Consider EVs as a promising preclinical research direction for sepsis-associated acute lung injury.

This publication is a review focusing on the potential of extracellular vesicles (EVs) and EV-inspired biomimetic nanosystems in the context of sepsis-associated acute lung injury. The scope of the article encompasses preclinical research rather than human clinical trials. No specific sample size, population details, or comparator groups are reported within this source. The primary and secondary outcomes, as well as follow-up durations, are not reported in the provided text.

The key argument synthesized by the authors is that EV-based biomimetic nanosystems represent a promising research direction that may complement existing anti-inflammatory strategies. However, the authors explicitly highlight a significant limitation: most available evidence derives from preclinical studies. Because the evidence base is currently preclinical, the review cautions against inferring clinical efficacy from these observations.

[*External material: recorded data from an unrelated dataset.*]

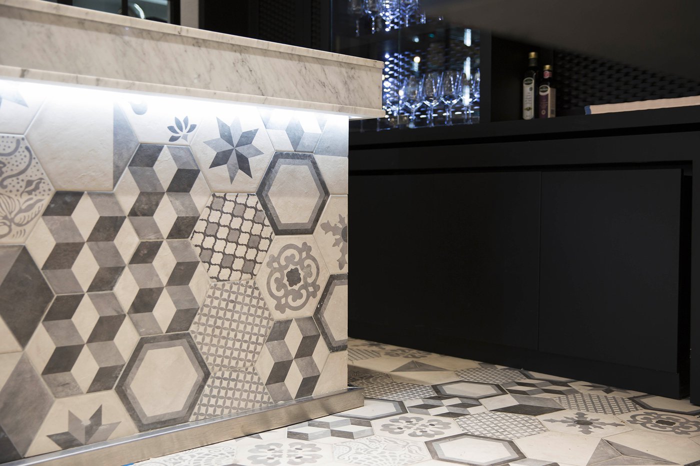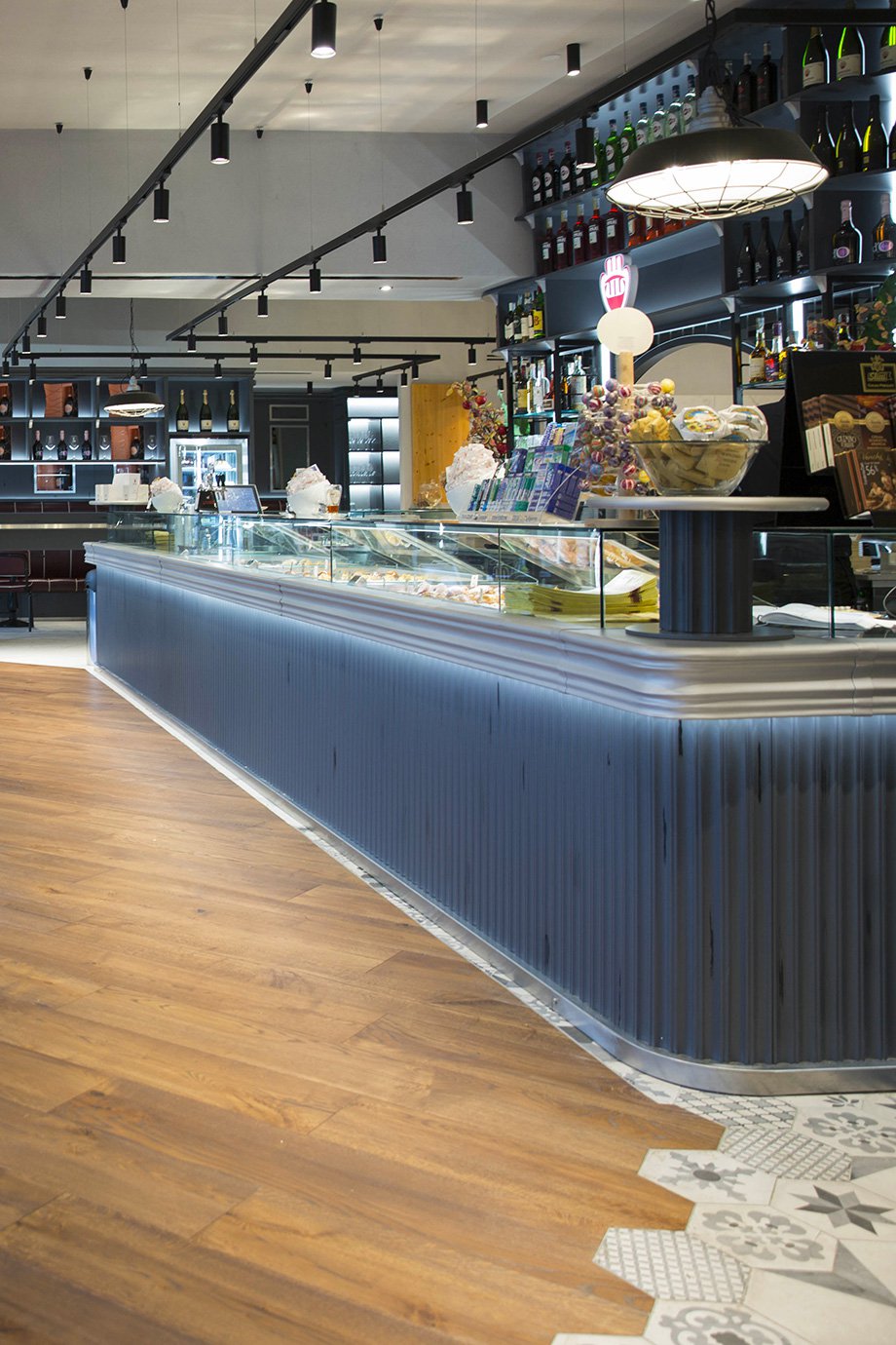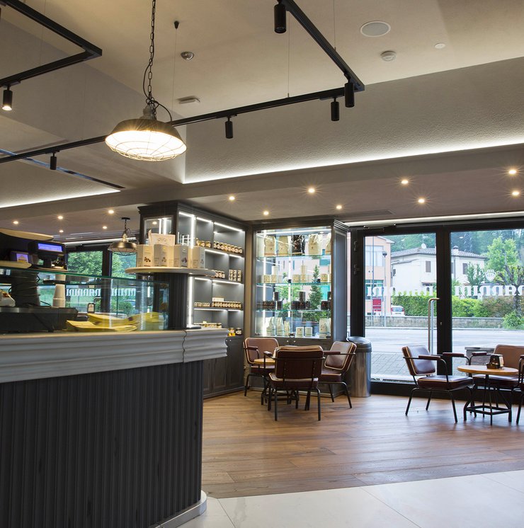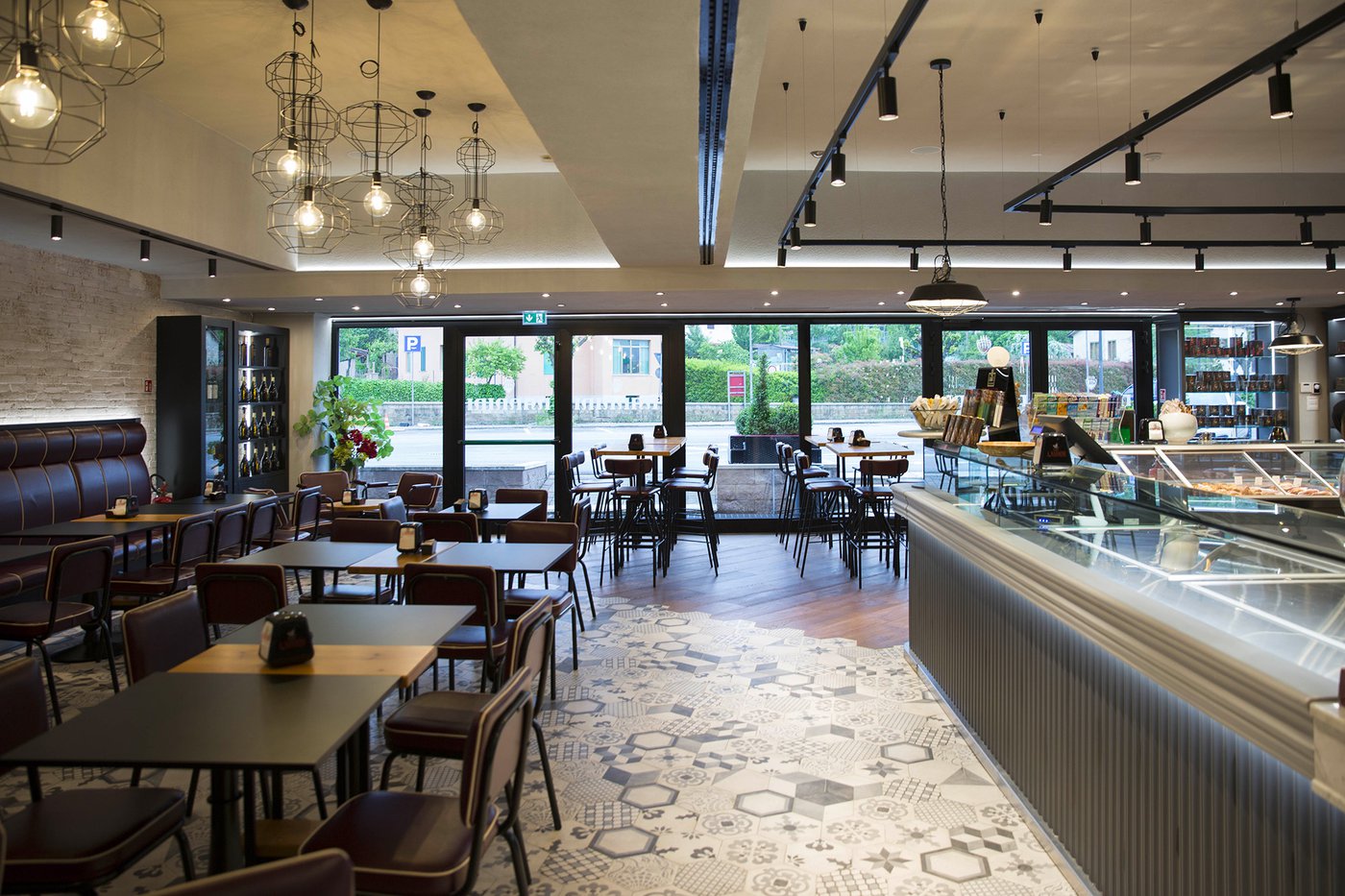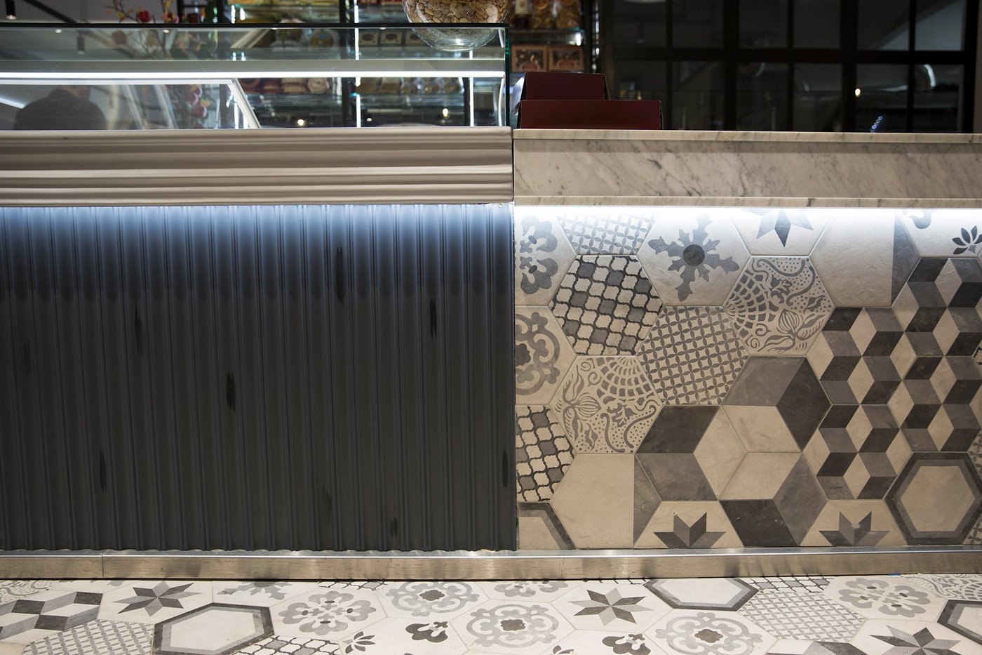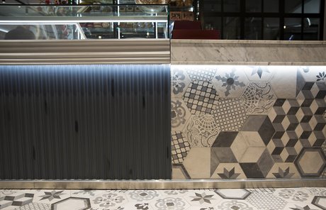 Die Geschichte, die die Barkette Nannini an die Stadt Siena bindet, ist hundert Jahre alt und begann mit einer revolutionären Dampfkaffeemaschine zu Beginn des vergangenen Jahrhunderts. Seither haben sich die Räumlichkeiten mehrmals gewandelt und zur meisterhaften italienischen Kunst der Kaffeerösterei sind die der Konditorei und der Likörproduktion gekommen. Außerhalb der Stadtmauern befindet sich eines dieser Lokale, Massetana, das mit seinen Innenausstattungen und -einrichtungen von diesen 100 Jahren voll Tradition, Genie und Qualität erzählen möchte. Einen Kontrast zum warmen, linearen Parkett und den kostbaren Äderungen des hellen Marmors bildet die Eleganz der Zementfliesen Terra, die beliebtesten kleinen Formate aus Feinsteinzeug von Marca Corona. Das Mix Decori im sechseckigen Format mit seinen eleganten grauen Nuancen, anthrazit und schwarz, und die originellen geometrischen Motiven und Blumenmotiven erinnern an Begeisterung des historischen Gründers, Guido Nannini, und sorgen für ein eindeutig einladendes und luftiges Ambiente.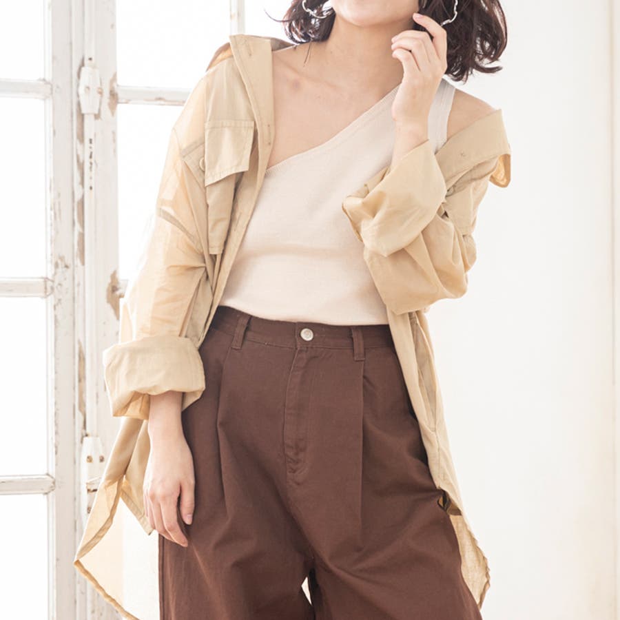 袖周りにもゆとりがあるため着やすく、ほんの少し透けるくらいの薄さが女性らしさを演出。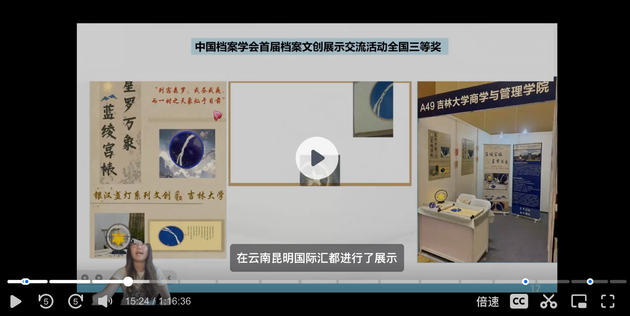 排名第三的成绩推荐国家级结项,其作品还参加了中国档案学会主办的全国首届档案文创作品展示交流活动,广受业内好评。艺阳同学从时间规划、灵感来源、选题与组队等方面,和与会学生进行了深入交流。

Safety data, including adverse events, serious adverse events, discontinuations, and tolerability, are not reported in this review. The authors do not fabricate trial-level detail or invent specific adverse-event rates. The certainty of the findings is constrained by the preclinical nature of the data. Practice relevance is framed cautiously, suggesting these systems are a future possibility rather than a current standard of care.

Study Details

Study typeSystematic review

EvidenceLevel 1

PublishedApr 2026

View Original Abstract ↓

Sepsis-associated acute lung injury (ALI) remains a major challenge in intensive care units, characterized by dysregulated innate immune responses that drive both excessive inflammation and subsequent immunosuppression. In recent years, extracellular vesicles (EVs) and EV-inspired biomimetic nanosystems have attracted increasing attention as candidate platforms for modulating immune imbalance in ALI. This review summarizes recent advances in understanding the immunopathological mechanisms underlying sepsis-associated ALI, including macrophage polarization imbalance, excessive neutrophil extracellular trap (NET) formation, dendritic cell functional exhaustion, and dysregulation of key signaling pathways such as TLR4, NLRP3 inflammasome, and cGAS–STING. We further discuss how naturally derived EVs and engineered EV-mimetic carriers may influence these pathogenic processes through the delivery of bioactive cargoes, drawing primarily from preclinical observations. In addition, current strategies for pulmonary-targeted delivery, EV engineering approaches, and major translational considerations, including biosafety, manufacturing standardization, and quality control, are critically evaluated. Although most available evidence derives from preclinical studies, EV-based biomimetic nanosystems represent a promising research direction that may complement existing anti-inflammatory strategies by integrating immune modulation, inflammation control, and tissue repair. Continued mechanistic investigation and clinically relevant validation will be essential for determining their therapeutic feasibility in sepsis-associated ALI.